- [Data shown]
========
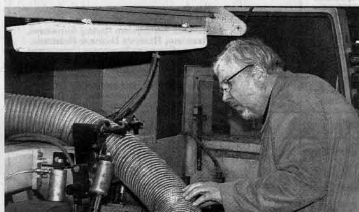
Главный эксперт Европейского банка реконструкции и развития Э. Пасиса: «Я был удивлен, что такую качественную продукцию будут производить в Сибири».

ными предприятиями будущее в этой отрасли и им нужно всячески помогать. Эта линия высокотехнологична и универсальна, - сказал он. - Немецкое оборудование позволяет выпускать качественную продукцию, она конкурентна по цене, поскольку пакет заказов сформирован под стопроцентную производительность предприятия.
========
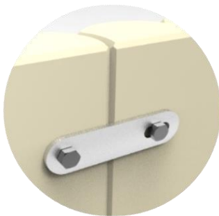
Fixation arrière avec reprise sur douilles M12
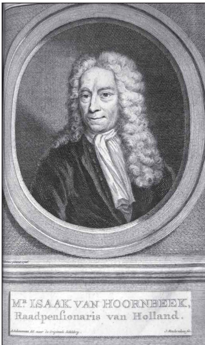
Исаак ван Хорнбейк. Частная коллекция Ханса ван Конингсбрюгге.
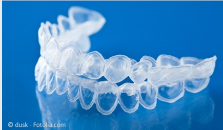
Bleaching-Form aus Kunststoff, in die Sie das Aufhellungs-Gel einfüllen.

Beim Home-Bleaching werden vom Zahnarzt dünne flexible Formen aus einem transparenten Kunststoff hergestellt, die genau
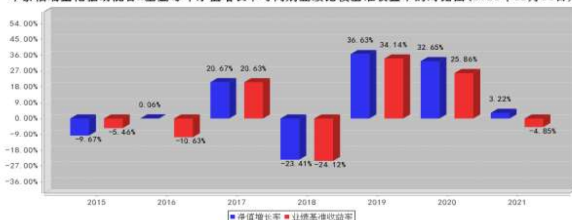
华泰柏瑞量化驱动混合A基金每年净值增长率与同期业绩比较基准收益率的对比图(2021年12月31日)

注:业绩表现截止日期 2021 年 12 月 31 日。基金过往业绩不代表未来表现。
========
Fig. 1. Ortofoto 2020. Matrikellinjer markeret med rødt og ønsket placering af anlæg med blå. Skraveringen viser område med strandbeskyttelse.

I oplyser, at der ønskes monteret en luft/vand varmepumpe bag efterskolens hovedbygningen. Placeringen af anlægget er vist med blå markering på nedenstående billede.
========
- [Work to complete]
From the material above, output only the span of lines that starts at the one containing "Исаак ван Хорнбейк." and finishes at the one containing "注:业绩表现截止日期 2021 年 12 月 31 日。基金过往业绩不代表未来表现。", word for word and free of pictures.

- [Result below]
Исаак ван Хорнбейк. Частная коллекция Ханса ван Конингсбрюгге.
Bleaching-Form aus Kunststoff, in die Sie das Aufhellungs-Gel einfüllen.

Beim Home-Bleaching werden vom Zahnarzt dünne flexible Formen aus einem transparenten Kunststoff hergestellt, die genau
华泰柏瑞量化驱动混合A基金每年净值增长率与同期业绩比较基准收益率的对比图(2021年12月31日)

注:业绩表现截止日期 2021 年 12 月 31 日。基金过往业绩不代表未来表现。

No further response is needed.